Claudio Monteverdi's Venetian Operas features chapters by a group of scholars and performers of varied backgrounds and specialties, who confront the various questions raised by Monteverdi's late operas from an interdisciplinary perspective. The premise of the volume is the idea that constructive dialogue between musicologists and musicians, stage directors and theater historians, as well as philologists and literary critics can shed new light on Monteverdi's two Venetian operas (and their respective librettos, by Badoaro and Busenello), not only at the levels of textual criticism, historical exegesis, and dramaturgy, but also with regard to concrete choices of performance, staging, and mise-en-scène. Following an Introduction setting up the interdisciplinary agenda, the volume comprises two main parts: 'Contexts and Sources' deals with the historical, philosophical, and aesthetic contexts of the works - librettos and scores; 'Performance and Interpretation' offers critical and historical insights regarding the casting, singing, reciting, staging, and conducting of the two operas. This volume will appeal to scholars and researchers in Opera Studies and Music History as well as be of interest to early music performers and all those involved with presenting opera on stage.

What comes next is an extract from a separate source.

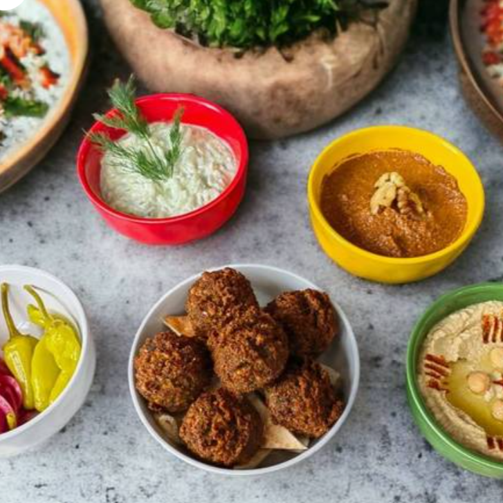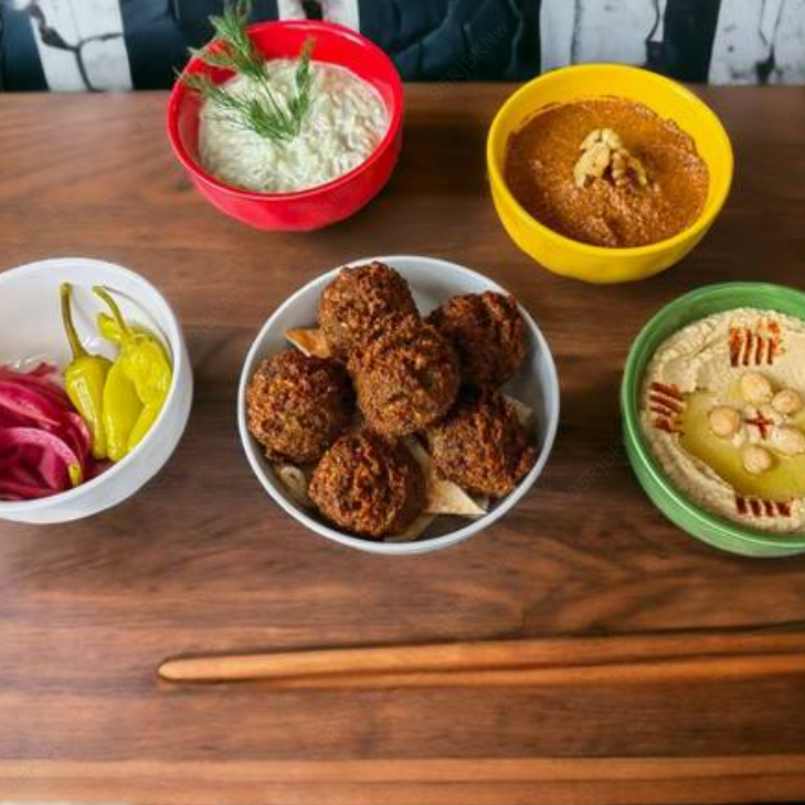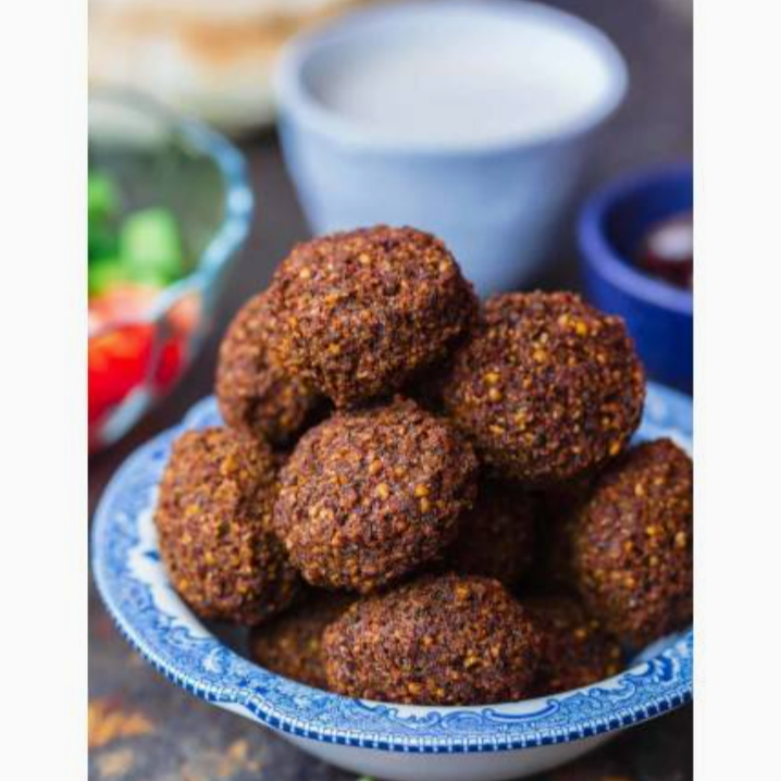 Bolitas (6) hechas con nuestro delicioso falafel, acompañadas con ensalada verde uno de nuestros dips de 150 g para elegir y un pan pita.

About the Author: ELLEN ROSAND, George A. Saden Professor of Music Emerita at Yale (1992-2014), is the author of Opera in Seventeenth-Century Venice: The Creation of a Genre (1991), and Monteverdi's Last Operas: A Venetian Trilogy (2007). She also edited Readying Cavalli's Operas for the Stage (2013), is General Editor of Cavalli Opere, a critical edition of the operas of Francesco Cavalli, and founded the Yale Baroque Opera Project, an undergraduate opera company, in 2006, with the support of a Distinguished Achievement Award from the Andrew W. Mellon Foundation
Stefano La Via is Professor of "Storia della Poesia per musica" and "Storia della Canzone d'autore" at the University of Pavia, Department of Musicology and Cultural Heritage (Cremona). Educated at the Universities of Rome and Princeton, he has published essays on the relationship between poetry and music in various historical periods, with particular reference to 16th-century Madrigal, 17th-/18th-century Opera, Auteur Song in Europe and the Americas.